5 of 5 people found the following review helpful
3.0 out of 5 stars Quite nice belt for the cash, May 20, 2015
Verified Purchase(What's this?)
Update, five months later: Belt is still working and looking good. I've worn it basically every day since purchase. The buckle did slide partially off the pin / axle that holds it to the belt itself last night, probably because I've been moving house and bumped it against something hard. In my case this was a quick fix and I do not see signs that it will soon recur. Even if it falls apart tomorrow, though, I think I'd buy this belt again; six months' use out of a belt this cheap is great for me.

...Update 2, five months and a few days later: Irony of ironies, the buckle fell off in a grocery store parking lot the first day of a multi-day house move, the day after I posted my update. A few other reviewers have cited a "screw" falling out of the buckle that holds it onto the belt, forming something like an axle. I can't be sure that it was a screw that disappeared at all - I never looked at it very closely; it may have been a tiny rivet - but in any event a piece of hardware on which the buckle pivots / fastens to the belt disappeared and I have not yet been able to find a piece to replace it. On close inspection of the buckle, even if I can locate something that fastens the buckle back onto the belt, I'm not convinced the belt is actually repairable at this point.

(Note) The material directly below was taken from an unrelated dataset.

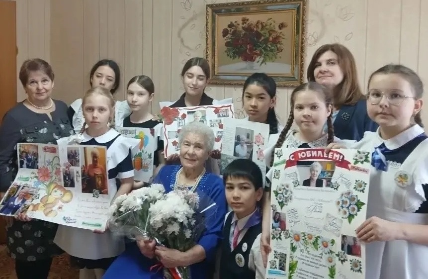 Наталья Еремина тепло поздравила именинницу и передала поздравления от мэра Октябрьска Владимира Ревина и всех жителей города. Учащиеся школы №3 приготовили имениннице творческий подарок.

I will still concede that five months of daily wear is pretty respectable for a belt in this price range, especially since it never began looking poor aesthetically at any point before the hardware simply gave out - but I think I do have to dock it a star from four to three stars, largely for environmental concerns. If I manage to find a piece of hardware that does the trick of getting the belt back into action somehow, I'll come back and provide another update. I will say that whatever this piece is, it's not something you're going to find at the corner hardware store.
I've been wearing this belt daily for about a month now. For the price it's certainly a very nice belt and definitely solves / avoids a lot of problems I've had with belts in a similar low-end price range. By this point in its wear cycle, about 30 days in on *my* waist, the average mass-market Prez-Jackson-priced belt would already be looking pretty stressed if not outright ugly around the belt holes. This is holding up extremely nicely by comparison. I even keep looking for signs of wear on the inner-circumference "toothblock" that the ratcheting mechanism grips onto, but so far I have seen no signs of this. Based on this I'd say this is an extremely good value in a basic semi-dress belt.

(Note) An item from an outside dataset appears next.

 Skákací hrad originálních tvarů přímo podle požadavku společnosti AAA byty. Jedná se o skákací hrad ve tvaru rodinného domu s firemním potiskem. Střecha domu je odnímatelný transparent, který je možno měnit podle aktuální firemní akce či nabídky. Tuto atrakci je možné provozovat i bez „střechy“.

A few things to note, though:
- The instructions that came with this thing were photocopied, looking like about a ninth-generation photocopy, and most words at the margins were cut off - in other words, essentially unreadable. The copy that *is* readable is obviously not written by a native English speaker. Thankfully the actual use of the belt is fairly self-explanatory, but I am a little more nervous about the process of cutting it down to size, which I'll probably have to do eventually if some of my planned lifestyle changes actually take for once.

- Do not expect this thing to look like a belt outside of its price range. Some of the reviews here led me to believe I'd be getting a really nice-looking dress belt. Maybe I'm a bit choosier about my belts, but to *my* eye, the leather is somewhat low grade. I am certainly not crazy about the look of the buckle - not so much regarding its bulk (it is a tad bit bulky) but the look of the metalwork itself. Mind, this belt does NOT by any means look terrible. It just looks like a casual-to-basic-dress belt in its actual price range, and isn't something I'd likely wear with a four-figure suit. Further note / disclosure: I do not own any four-figure suits.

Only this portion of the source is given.